Example 2: Simplify $\dfrac{-21x-12}{49x^2+28x+4}$.
The denominator factorises as $(7x+2)^2$, so $\dfrac{-21x-12}{(7x+2)^2} = \dfrac{A}{7x+2}+\dfrac{B}{(7x+2)^2}$ and $-21x-12 = A(7x+2)+B$.
Comparing coefficients: $-21 = 7A$ so $A=-3$; and $-12 = 2A+B$ so $B=-6$.
Sanity check: $-3(7x+2)-6 = -21x-12$ ✓. So the answer is $\dfrac{-3}{7x+2}-\dfrac{6}{(7x+2)^2}$.
Non-linear Factors
If a denominator contains an irreducible quadratic factor $ax^2+bx+c$ (no real roots), its numerator must include terms in $x$ up to one order less than the factor — that is, $\dfrac{Ax+B}{ax^2+bx+c}$.

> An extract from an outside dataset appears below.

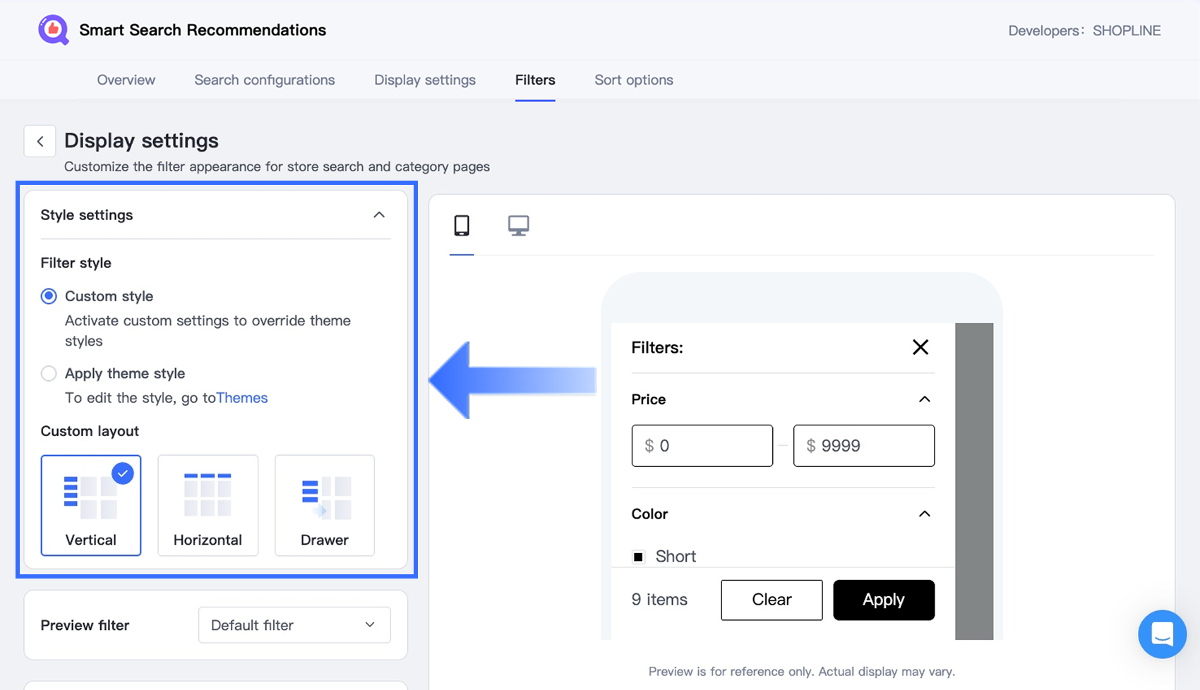 In your Smart Search Recommendation app, go to Filters > Default filter or Personalized filter, then click Display settings.

Example 3: Simplify $\dfrac{-116x+112}{(x^2+3x-3)(8x+4)}$.
The quadratic has no real roots, so write $\dfrac{-116x+112}{(x^2+3x-3)(8x+4)} = \dfrac{Ax+B}{x^2+3x-3}+\dfrac{C}{8x+4}$, giving
$-116x+112 = (Ax+B)(8x+4)+C(x^2+3x-3)$ (1).
Comparing coefficients: $0 = 8A+C$, $-116 = 4A+8B+3C$, $112 = 4B-3C$. Solving gives $C=-40$, $A=5$, $B=-2$.

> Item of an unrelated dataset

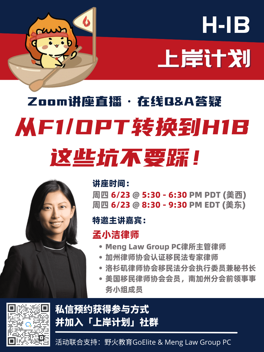 野火教育联合Meng Law Group PC律所的主管律师孟小洁律师本周就会就这个主题进行一场专场讲座!大家千万不要错过!

Sanity check: $(5x-2)(8x+4)-40(x^2+3x-3) = -116x+112$ ✓. So the answer is $\dfrac{5x-2}{x^2+3x-3}-\dfrac{40}{8x+4}$.
Proper and Improper Fractions
When the numerator's order is the same as (or higher than) the denominator's, first divide out a polynomial part, then find partial fractions for the proper remainder. For example, $\dfrac{x^2-3x+2}{x^2+2x+1}$ can be written $1+\dfrac{-5x+1}{x^2+2x+1}$, and the fractional part is then handled as above.
Example 4: Simplify $\dfrac{16x^2-34x-29}{8x^2-2x-15}$.
Since both are degree 2, divide out: $\dfrac{16x^2-34x-29}{8x^2-2x-15} = \dfrac{2(8x^2-2x-15)-30x+1}{8x^2-2x-15} = 2-\dfrac{30x-1}{8x^2-2x-15}$.
Factorise $8x^2-2x-15 = (2x-3)(4x+5)$, so $30x-1 = A(4x+5)+B(2x-3)$, giving $A=4$ and $B=7$.
Sanity check: $4(4x+5)+7(2x-3) = 16x+20+14x-21 = 30x-1$ ✓. So the answer is $2-\dfrac{4}{2x-3}-\dfrac{7}{4x+5}$.